Cette dernière fixe alors un délai adéquat pour la réalisation de ces mesures.

Ensuite, une amende

Si à l’issue du délai donné par l’inspection du travail, la situation dangereuse est toujours présente, l’employeur peut être sanctionné.

Tout d’abord, la DREETS informe par écrit l’employeur de l’amende qu’elle envisage de prendre. L’employeur doit alors lui présenter ses observations dans un délai d’un mois.

Ensuite, à l’issue de ce délai, la DREETS peut prononcer une amende.
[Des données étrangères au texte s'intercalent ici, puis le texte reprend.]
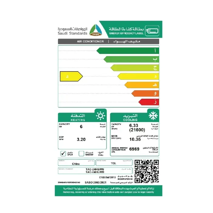 مكيف اسبليت تي سي ال 21600 وحدة – حار / بارد |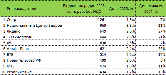 Сильнее всех нарастили бюджеты «Альфа-Банк», «Яндекс» и «Т-Технологии»: на 33%, 27% и 21% соответственно. Одновременно ряд крупных игроков снижает активность: ВТБ сократил размещения на 17%, Национальный Центр Здоровья — на 11%, Prodвижение — на 13%.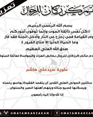 – . . بسم ٱلله الرَّحْمٰنِ الرَّحِيـمِ {كُلُّ نَفْسٍ ذَآئِقَةُ الْمَوْتِ وَإِنَّمَا تُوَفَّوْنَ أُجُورَكُمْ يَوْمَ الْقِيَامَةِ فَمَن زُحْزِحَ عَنِ النَّارِ وَأُدْخِلَ الْجَنَّةَ فَقَدْ فَازَ وَما الْحَيَاةُ الدُّنْيَا إِلاَّ مَتَاعُ الْغُرُورِ } صدق الله العلي العظيم . . تتقدم إدارة مأتم كرزكان للرجال بخالص العزاء والمواساة لعائلة المرحومة . . “علوية سيدعلي هاشم” . …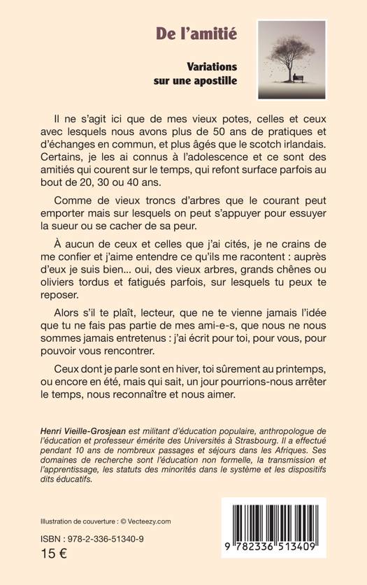 Il ne s'agit ici que de mes vieux potes, celles et ceux avec lesquels nous avons plus de 50 ans de pratiques et d'échanges en commun, et plus âgés que le scotch irlandais. Certains, je les ai connus à l'adolescence et ce sont des amitiés qui courent sur le temps, qui refont surface parfois au bout de 20, 30 ou 40 ans. Comme de vieux troncs d'arbres que le courant peut emporter mais sur lesquels on peut s'appuyer pour essuyer la sueur ou se cacher de sa peur. À aucun de ceux et celles que j'ai cités, je ne crains de me confier et j'aime entendre ce qu'ils me racontent: auprès d'eux je suis bien... oui, des vieux arbres, grands chênes ou oliviers tordus et fatigués parfois, sur lesquels tu peux te reposer. Alors s'il te plaît, lecteur, que ne te vienne jamais l'idée que tu ne fais pas partie de mes ami-e-s, que nous ne nous sommes jamais entretenus: j'ai écrit pour toi, pour vous, pour pouvoir vous rencontrer. Ceux dont je parle sont en hiver, toi sûrement au printemps, ou encore en été, mais qui sait, un jour pourrions-nous arrêter le temps, nous reconnaître et nous aimer.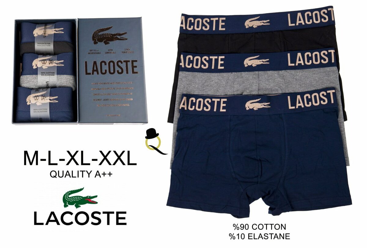 Découvrez nos boxers homme Lacoste, un mélange parfait de confort et de style. Fabriqués avec 90% de coton et 10% d'élasthanne, ces sous-vêtements assurent une élasticité optimale pour un confort au quotidien. Disponibles en tailles M à XXL, ils sont parfaits pour un usage quotidien ou sportif. Adoptez la qualité A++ Lacoste pour un toucher doux et une durabilité exceptionnelle.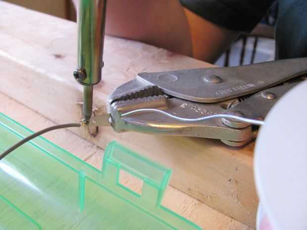 • Algunos componentes, como los terminales de conexión, pueden separarse en pedazos múltiples. Quitar la parte que está intentando adjuntar la soldadura a y plegado en una prensa reduce la posibilidad de la fusión accidental de plástico.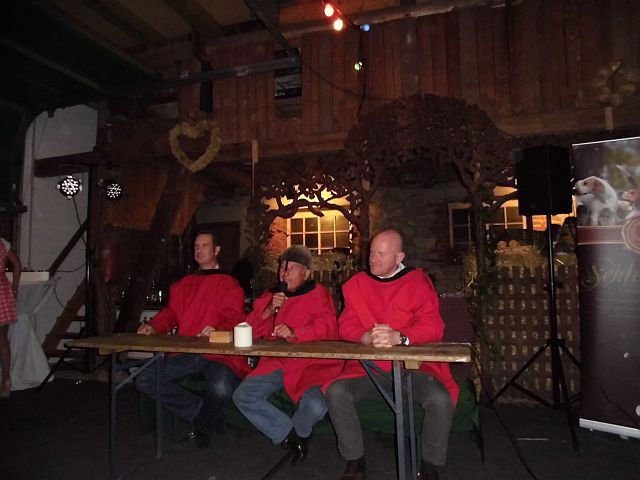 Auch Toni Wiedemann und die Veranstalter waren mit uns und den Zuschauern zufrieden uns so war es kein Wunder, dass die Abendveranstaltung bis auf den letzten Platz ausgebucht war. Ein Vorspeisenbuffett, wie wir es in der großen Auswahl und Qualität nur selten erlebten, die Hauptspeisen mit drei wohlschmeckenden Fleischsorten und dann noch die Nachspeisen, es war überwältigend. Ein Jagdgericht tagte, das es in seiner Komik gut mit Professionellen hätte aufnehmen können, kam bestens an. Es gab Beifallsstürme.

Le montant maximal s’élève à 500 € par salarié concerné avec pour maximum 50 000 € par entreprise.

Le montant de l’amende est fixé selon ces critères :

  • Le comportement de l’employeur (bonne foi, obstacle, etc…)
  • Les ressources et charges de l’entreprise
  • Les circonstances et la gravité du manquement

Certaines circonstances aggravantes sont à noter :

  • L’identification d’un cluster
  • Le nombre de salariés concernés
  • L’accueil de public ou non
  • Les antécédents de l’employeur

Enfin, l’employeur peut contester l’amende par lettre recommandée avec avis de réception devant le ministre du travail (dans les 15 jours à compter de sa notification). En l’absence de réponse dans les 2 mois, le recours de l’employeur est accepté et l’amende annulée.

Cette procédure concerne les mises en demeure notifiées à partir du 24 janvier 2022.